The data:
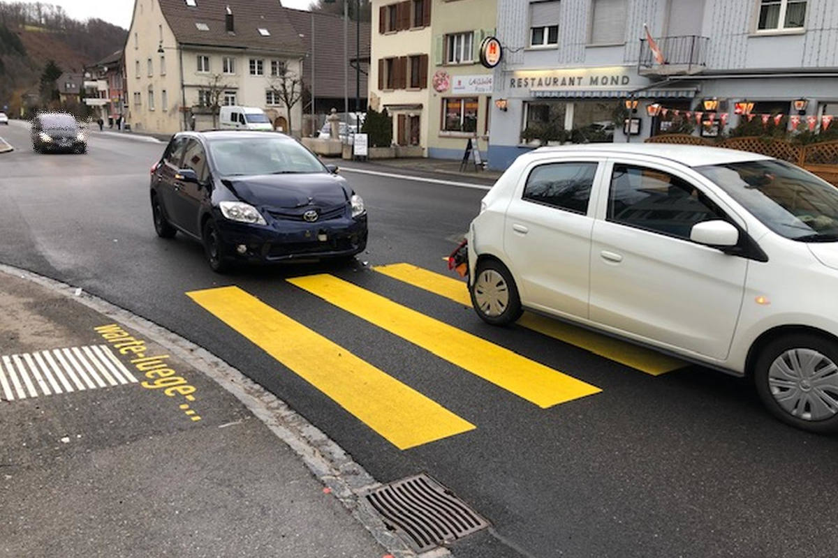 Am Freitagnachmittag, 29. Januar 2021, kurz vor 16.00 Uhr, ereignete sich vor einem Fussgängerstreifen in der Hauptstrasse in Buckten BL eine Auffahrkollision zwischen zwei Personenwagen. Zwei Personen wurden dabei leicht verletzt.
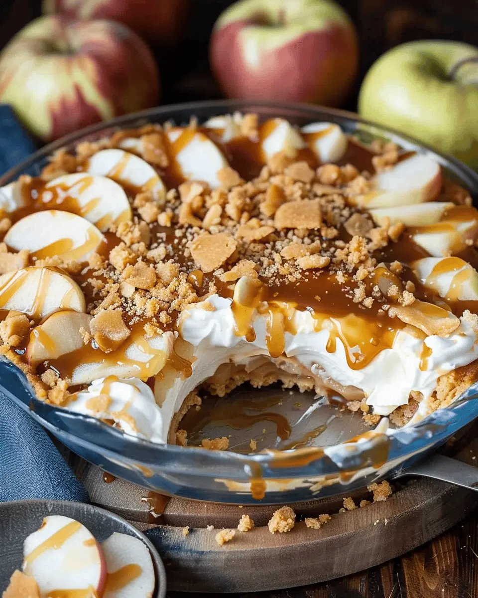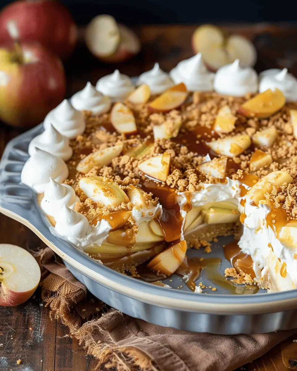 - Fold in the caramel sauce, diced apples, and whipped cream until just combined.
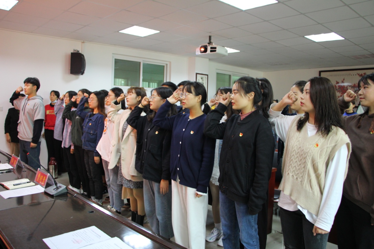 大会在庄严的《国际歌》中拉开序幕,首先,闫会姝和郑征分别宣读了接收预备党员便函和预备党员转正便函。接着,二十名预备党员面对鲜红的党旗庄重宣誓。2017级正式党员代表党玉格、2017级预备党员代表张文静和2019级入党积极分子苗新沛分别做了表态发言。
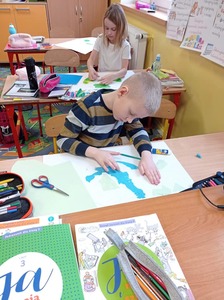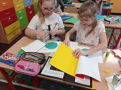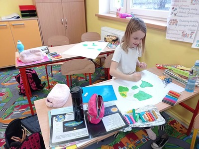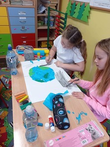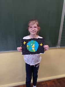Układ Słoneczny, planety, ciekawostki o Kosmosie- tego uczyli się drugoklasiści w ostatnim tygodniu. Podsumowując temat, dzieci wykonały piękne kolaże planety - Ziemi

What you will do:
Copy out the data exactly and keep the pictures out.

Response area:
 Am Freitagnachmittag, 29. Januar 2021, kurz vor 16.00 Uhr, ereignete sich vor einem Fussgängerstreifen in der Hauptstrasse in Buckten BL eine Auffahrkollision zwischen zwei Personenwagen. Zwei Personen wurden dabei leicht verletzt.
 - Fold in the caramel sauce, diced apples, and whipped cream until just combined.
 大会在庄严的《国际歌》中拉开序幕,首先,闫会姝和郑征分别宣读了接收预备党员便函和预备党员转正便函。接着,二十名预备党员面对鲜红的党旗庄重宣誓。2017级正式党员代表党玉格、2017级预备党员代表张文静和2019级入党积极分子苗新沛分别做了表态发言。
Układ Słoneczny, planety, ciekawostki o Kosmosie- tego uczyli się drugoklasiści w ostatnim tygodniu. Podsumowując temat, dzieci wykonały piękne kolaże planety - Ziemi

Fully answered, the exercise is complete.